18. In this context, the next question that would arise for consideration is whether the generation plant can use its own dedicated transmission line to supply power to its own coal washeries without obtaining open access. This point has been held in favour of the generating plant by this Tribunal in Nalwa Steel and Power Ltd. Vs CSPDCL and Anr. [Appeal No. 139 and batch – 2009 ELR (APTEL) 609] dated 25.5.2009. In this decision it has been held that the dedicated transmission line can be laid by generating company to the place of consumption of the consumer when a place of consumption is a load centre. This is also held valid in another decision in Appeal No. 10 of 2008 on 22.2.2009 in the case of Dakshin Gujarat Vidyut Vitran Nigam Ltd. Vs. Gujarat Electricity Regulatory Commission.

19. The relevant portion of the observations of the Tribunal dated 20.5.2009 in Nalwa Steel and Power Ltd. Vs CSPDCL and Anr. in Appeal No. 139 of 2009 ELR (APTEL) 609 is as follows:-

“11) The new Act envisages grant of transmission license. The new Act also envisages supply by the generating company and the captive generating company to a consumer. When a captive generating company supplies to a consumer, as permitted by the second proviso to Section 9(1) of the Act, such supply would be subject to the regulation for open access [Section 42(2) of the Act]. Obviously such open access regulations are required to be followed when open access is availed of, if no open access is availed of, as not necessary or because no existing network is available, it cannot be said that the captive generating company cannot supply under the enabling provision because the generating company has laid its own lines and the existing transmission utility has not laid its lines so far. If the term ‘subject to’ is interpreted to mean ‘only under’ it may lead to absurd result. For example, if the consumer is situated at a close proximity to the captive generating station and the existing network is at a distance of several kilometers, the captive generating company will then have to route the electricity first to the existing lines and then back to the consumer and pay the charges for using open access. The legislature, we can safely conclude, meant that if a captive generator wants to supply electricity to a consumer, it will be entitled to use the lines of any transmission or distribution licensee on complying with the relevant rules and on payment of the required charges and not that even if the existing lines are too far away, the generating company cannot directly supply to a consumer.

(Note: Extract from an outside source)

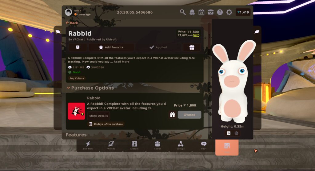 まず最初に紹介するのはマンスリーアイテムとしては初のラインナップ追加となるアバター『Rabbid』。クロスプラットフォームに対応しており、PC版だけでなくAndroid/iOS版VRChatにも対応したアバターとなっています。アバターランクはPC版でGood、Android/iOS版でMediumとなっているためVRChatを遊んでいるすべてのユーザーが使えるアバターとなっています。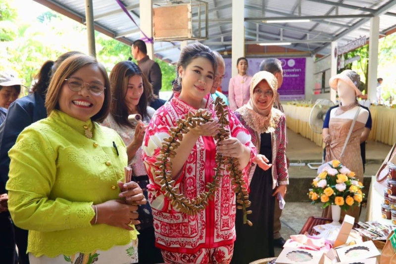 เมื่อวันที่ 20 ม.ค. น.ส.ศุภมาส อิศรภักดี รมว.การอุดมศึกษา วิทยาศาสตร์ วิจัยและนวัตกรรม (อว.) พร้อมด้วย พญ.เพชรดาว โต๊ะมีนา ที่ปรึกษารัฐมนตรีว่าการกระทรวง อว. น.ส.สุณีย์ เลิศเพียรธรรม หัวหน้าผู้ตรวจราชการกระทรวง และคณะผู้บริหาร อว. ลงพื้นที่เยี่ยมชมแหล่งเรียนรู้อาหารและขนมพื้นบ้านพังงาของกลุ่มวิสาหกิจชุมชนและกลุ่มพัฒนาอาชีพ อ.ทับปุด จ.พังงา ก่อนการประชุมคณะรัฐมนตรีอย่างเป็นทางการนอกสถานที่ ณ พื้นที่กลุ่มจังหวัดภาคใต้ฝั่งอันดามัน (กระบี่ ตรัง พังงา ภูเก็ต ระนอง และสตูล) ณ บ้านคลองบ่อแสน อ.ทับปุด จ.พังงา โดยมี นายสุพจน์ รอดเรือง ณ หนองคาย ผู้ว่าราชการจังหวัดพังงา นายกลวัชร ทรัพย์ส่งสุข รองผู้ว่าราชการจังหวัดพังงา น.ส.พวงเพชร ฤทธิพรพันธุ์ ผู้อำนวยการวิทยาลัยชุมชนพังงา นายอรรถพล ไตรศรี สส.จังหวัดพังงา และชาวบ้านกลุ่มวิสาหกิจชุมชนและกลุ่มพัฒนาอาชีพ อ.ทับปุด จ.พังงา ทั้ง 10 กลุ่ม กว่า 300 คน ให้การต้อนรับ

12) The Act permits a captive generating company and a generating company to construct and maintain dedicated transmission lines ‘Dedicated Line’ as per Section 2(16). It means any electric supply line for point to point transmission which connects electric lines or electric plants to “any transmission lines or sub stations, or generating stations or load centers”. Load centre, it is said is conglomeration of load and not an individual industry/factory as consumer. According to Mr. Ramachandran, advocate for the Commission, a load centre cannot be a consumer because if the two could be the same, Section 10 would permit a generating company to reach a consumer through such dedicated line which will amount to distribution which is not permissible except with a license. We are not in agreement with Mr.Ramachandran. A dedicated line can go, admittedly, from the captive generating plant to the destination of its use. Such destination, i.e. the point of consumption, has to be covered by the term ‘load centre’. The consumption point is neither electricity transmission line nor substation or generating station. Hence, the only way such a line can be termed as “dedicated transmission line” when we treat the point of consumption as a ‘load centre’. Section 9 of the Act with the amendment of 2007 specifically provides that to supply to a consumer, the captive generating station shall not need a license. No such exemption has been given to a generating station under Section 10 of the Act. In this view one may say that a generating company may need license to ‘supply’ to a consumer through a dedicated line. For our purpose, the issue is irrelevant and we need not delve much into it.”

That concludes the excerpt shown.